– Você precisa caminhar todos os dias, ao menos uns quarenta minutos! – sentenciou o meu médico, num tom pilatiano indesmentível. Finda a consulta, como Pilatos, lavava suas mãos enquanto advertia. – Caso contrário…
– Vou me esforçar, doutor. Prometo! – interrompi para não ouvir a lista formatada de desgraças a ameaçar o meu futuro..
É por isso que hoje, estou aqui no alto da cidade, um pouco longe do centro e com a certeza de que meu banco lá da praça, está com uma tremenda saudade minha. Sem ele, sobrou o parapeito desse mirante improvisado. É bom apoiar o corpo cansado. Cansado, não só da caminhada forçada, mas de tantas outras caminhadas. Daqui, tenho um ângulo anônimo da cidade. Nem sei se isso é bom, ou não! Nunca aprovo nada anônimo… Olho no relógio e lá se foram os quarenta minutos recomendados. Posso parar, e olhar para baixo onde o burburinho continua em liberdade.
– Linda a cidade daqui, não? – ele se encostou comigo no parapeito e sem me olhar admirava a vista.
– Parece bem melhor do que lá de baixo, não? – que mania tenho de provocar!
– É verdade! Faz tempo que prefiro olhar daqui.
– Você tem razão! Olhar tudo de longe disfarça os defeitos…
– Veja só! – provocou meu companheiro – Que defeitos você consegue identificar daqui?
– Não sinto poluição; não vejo os buracos nas calçadas e ruas; não escuto os barulhos tirânicos…
– Não vejo o que as pessoas estão fazendo… – agora é ele que provoca!
Encarei-o e quase me vi no espelho. Ele sentiu que eu o olhava, mas, impassível, não reagiu! Voltei-me para a vista da cidade, intrigado com a semelhança física.
– Você é incrivelmente parecido comigo! Estou surpreso! Não seremos parentes?
– Pode ser…
– Acha bom não ver o que as pessoas estão fazendo?
– Acho! Já me preocupei muito com isso…
– Não se preocupa mais?
– Prefiro olhar de longe e admirar os resultados…

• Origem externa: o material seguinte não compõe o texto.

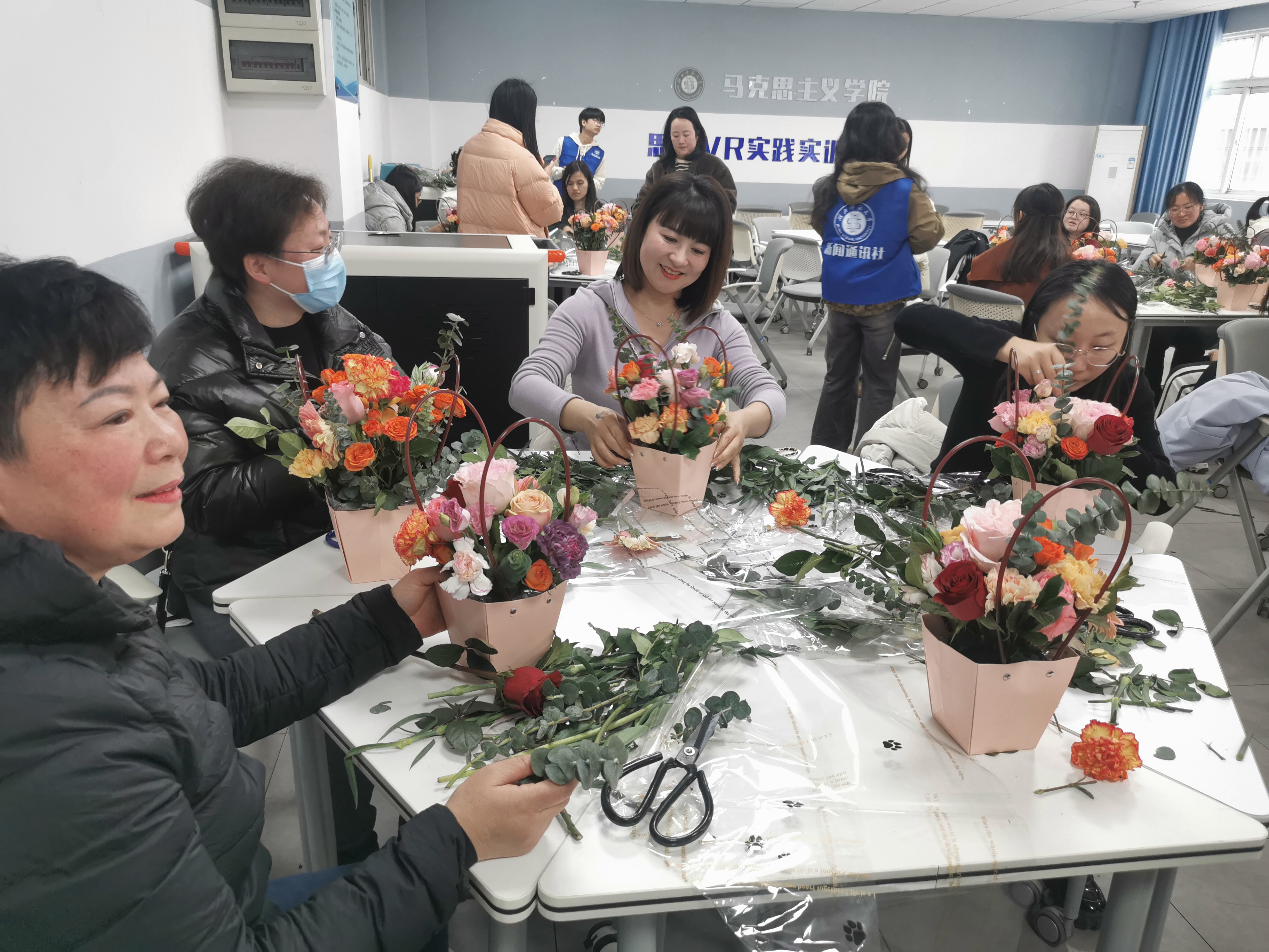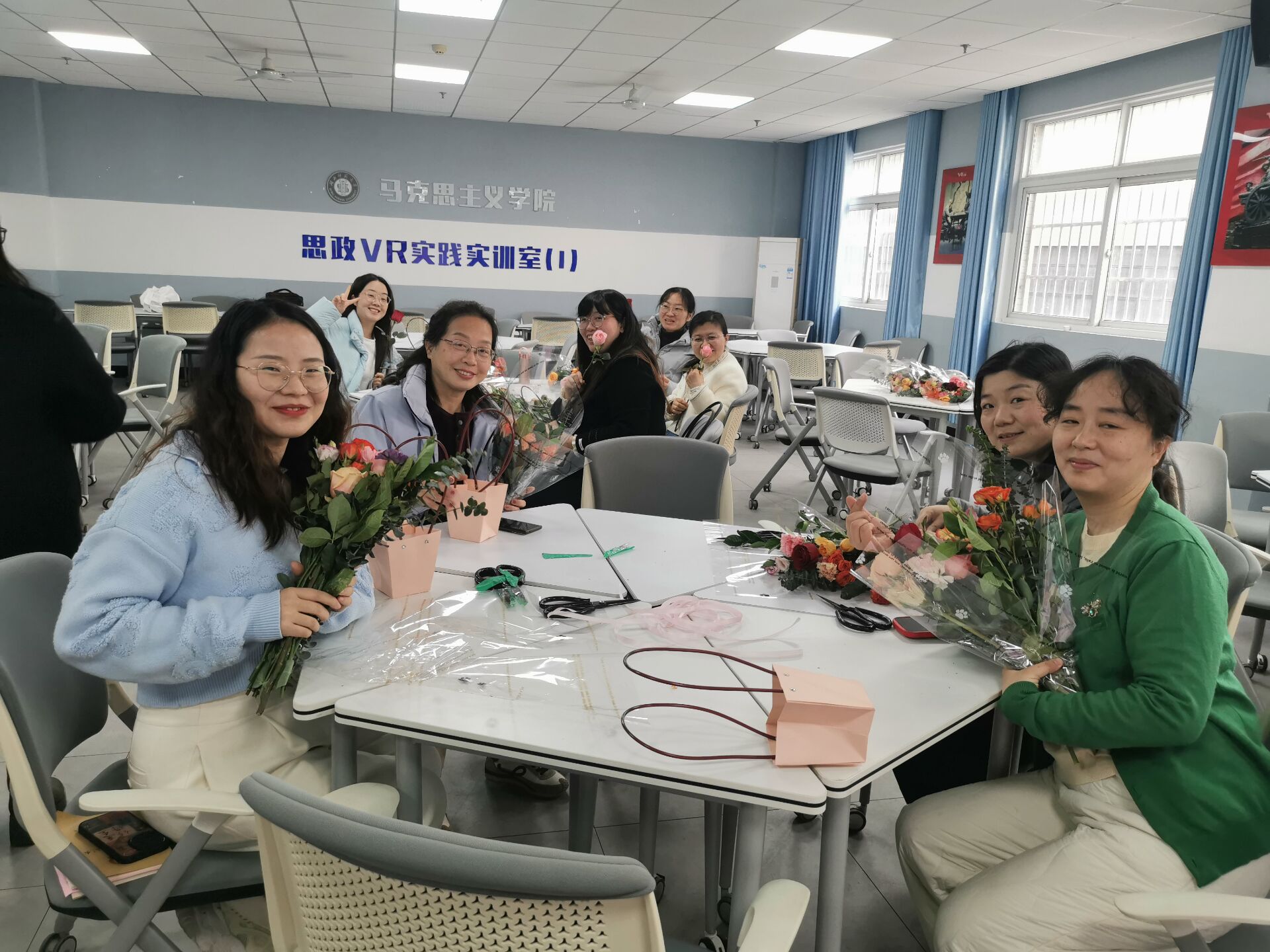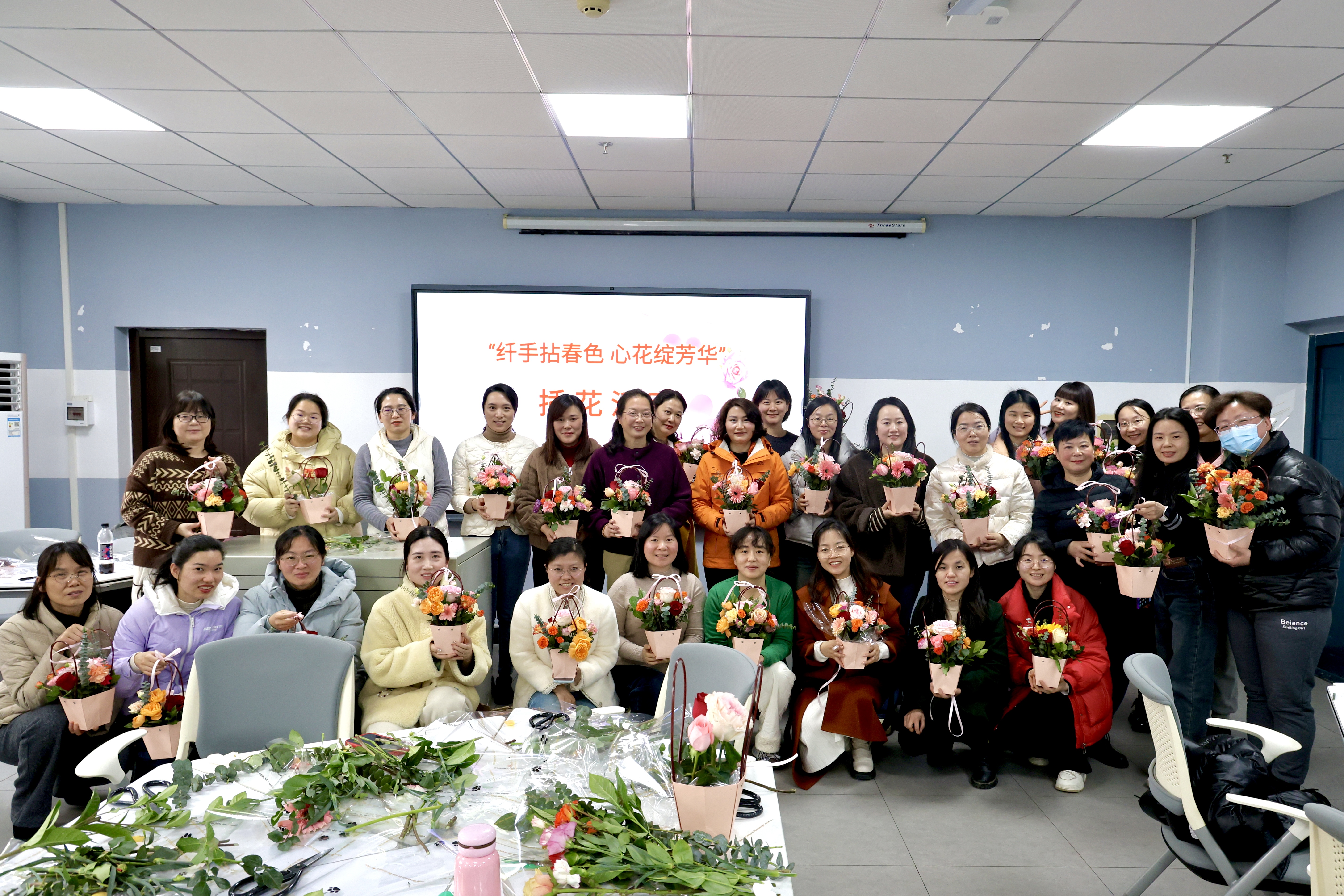 为庆祝第114个国际劳动妇女节,3月8日下午,由校工会主办、马克思主义学院承办的“纤手拈春色 心花绽芳华”主题插花活动在学院VR实验室圆满举行。活动吸引了来自各院系、职能部门的50余名女性教职工参与,学院党委书记程焰出席活动。

– Gosta dos resultados que vê?
– Se você considerar a média desses resultados, eles agradam…
– Mas tem as mentiras, o egoísmo, os assaltos, a miséria forçada, os corruptos, os assassinos, a exclusão social…
– Tem os idealistas, as mães, os bebês, os sábios, os artistas… – insistiu ele.

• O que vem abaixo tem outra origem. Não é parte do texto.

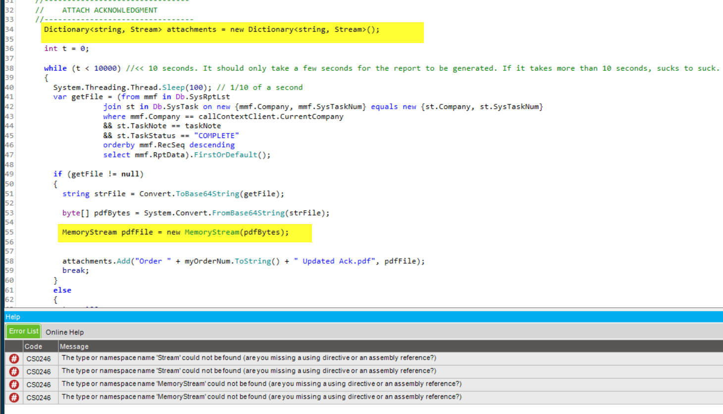 I really appreciate your support. I am trying to reuse the same code but facing this error. Is there any assembly missing?
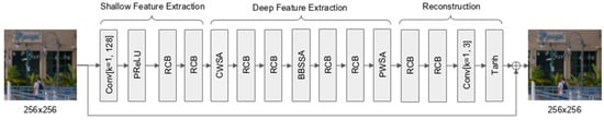 The shallow feature extractor consists of three components: a point-wise convolutional layer transforming the input from 3 to 128 channels, a parametric rectified linear unit (PReLU) activation function, and two residual convolution blocks (RCBs). The PReLU activation [29] is an extension of the ReLU function that introduces a learnable slope for the negative input region, thereby allowing the network to adaptively control the flow of negative information. This flexibility reduces the likelihood of inactive neurons and supports smoother gradient propagation during the early stages of training. The shallow feature extraction module is responsible for capturing low-level spatial features such as edges and textures, which are essential for accurate reconstruction in later stages. Combined with residual learning, this structure helps stabilize early optimization and improves downstream feature learning by preserving fine-grained low-level information essential for artifact removal.
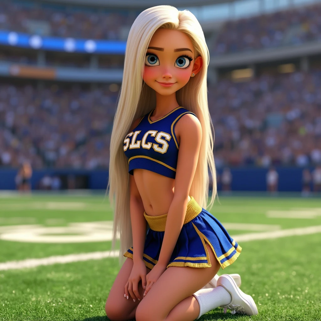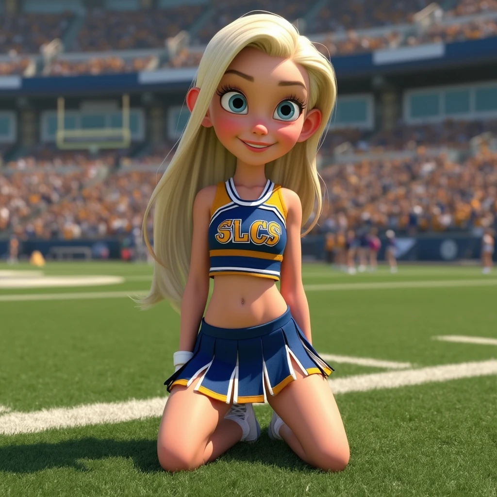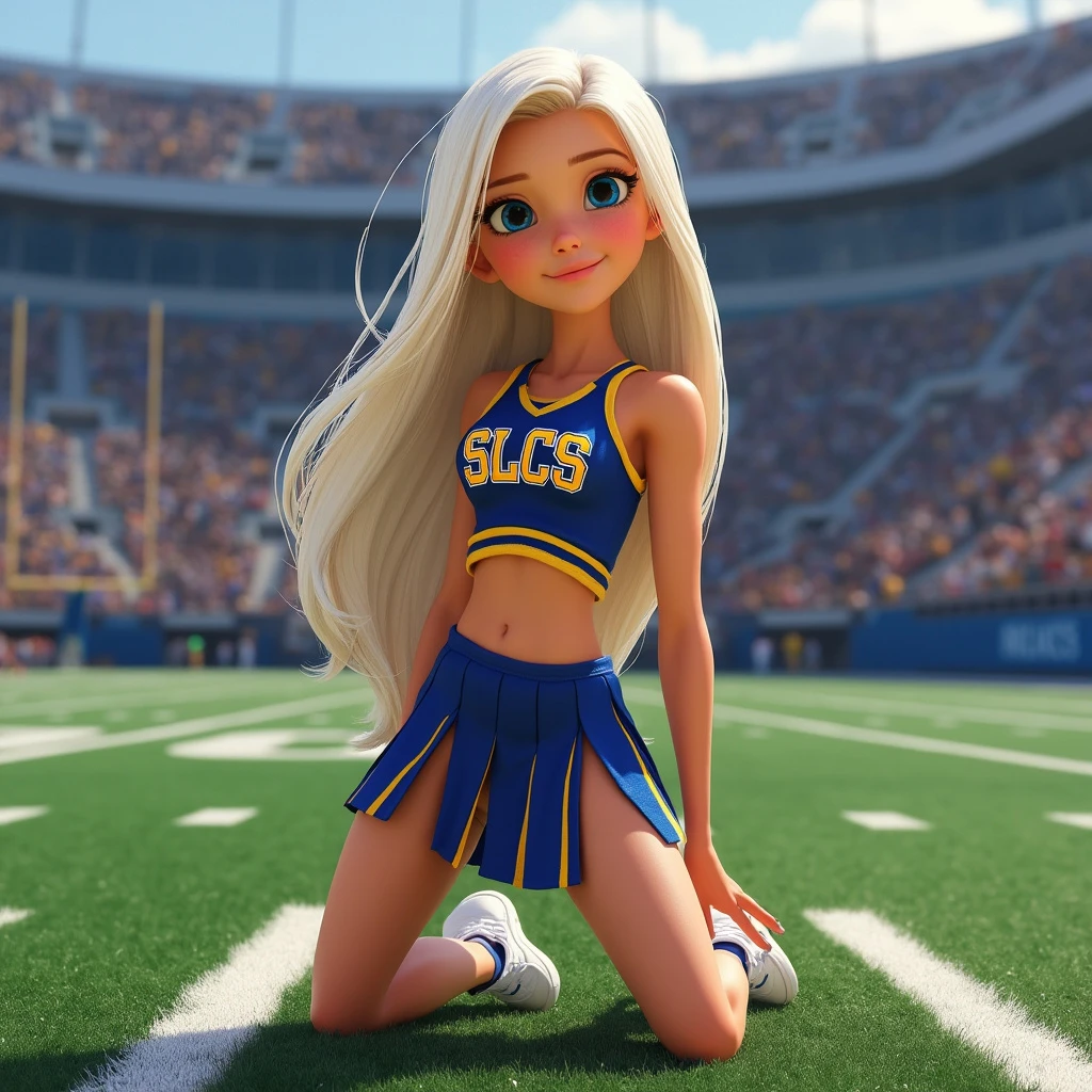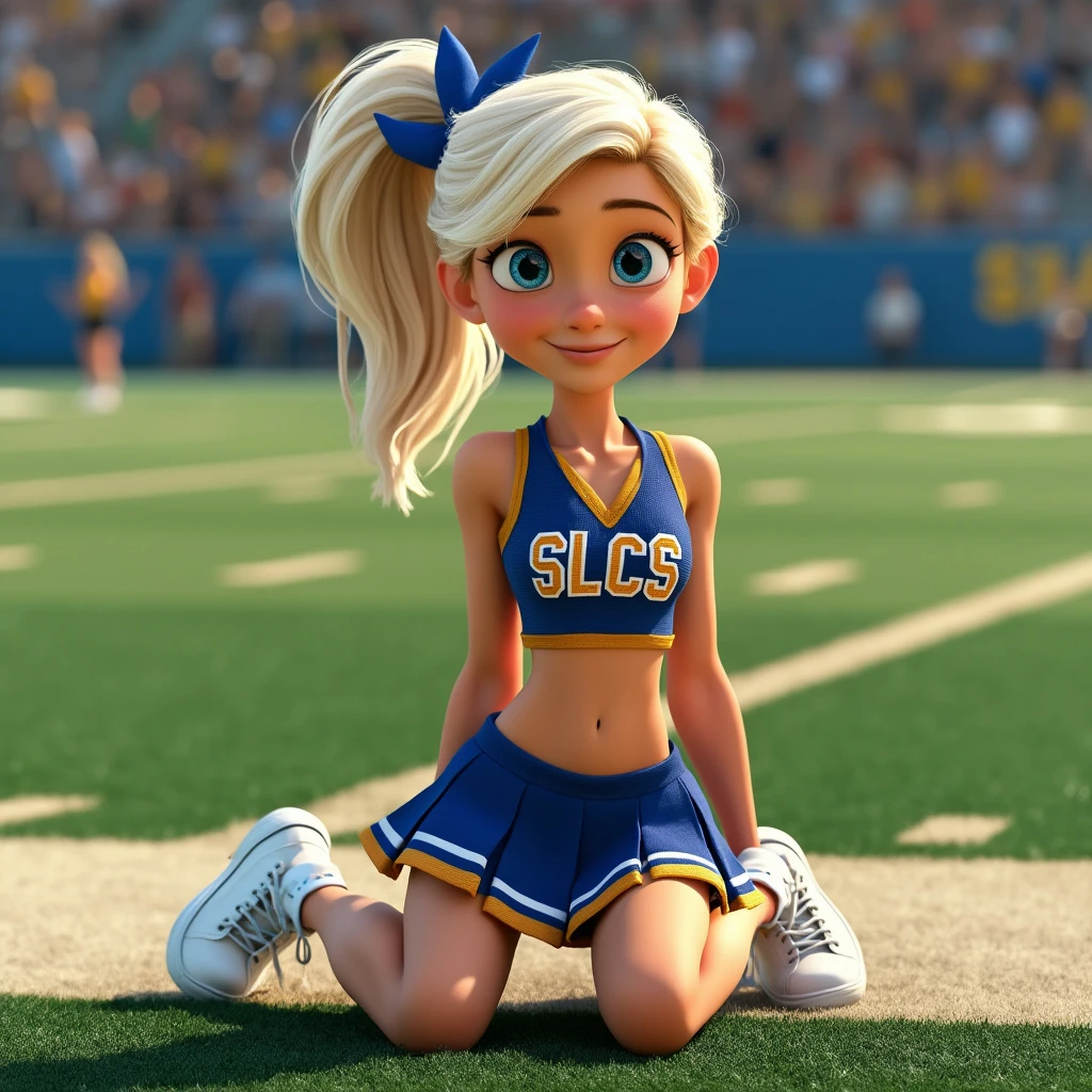 Pixar Disney animated character. Young woman with platinum blonde hair and blue eyes, cheerleader uniform blue and gold, pleated skirt with slits, sleeveless crop top with belly showing with the letters SLCS, white sneakers, kneeling on AstroTurf on a football field.

– Os doentes, os cancerosos, os aidéticos, os loucos, a degradação do ambiente, o aquecimento do planeta… E a falta de ética…
– E os éticos?
– E os traidores?
– Os verdadeiros!
– Os falsos!
– Abnegados.. – ele não queria desistir..
– Estelionatários…
– E os caridosos?
– E os impostores?
– Você está estragando a minha vista da cidade… senti ameaça velada em seu tom de voz.
– Estou apenas mostrando que lá embaixo a coisa está podre e não podemos ignorar… – tentei ser lógico, para acalmá-lo.
– Já vivi tanto quanto você e sabemos o que está acontecendo…
– Como sabe que viveu tanto quanto eu? Ei! Onde está você?
Não era possível o que eu via! É grande e largo o espaço em volta e ele simplesmente desapareceu. Deseducado, me deixou falando sozinho… Intrigado, fui descendo para a cidade, bem devagarinho. Olhei minhas mãos sujas do parapeito sujo.
Mãos sujas me incomodam. Senti uma tentação imensa de lavar as mãos!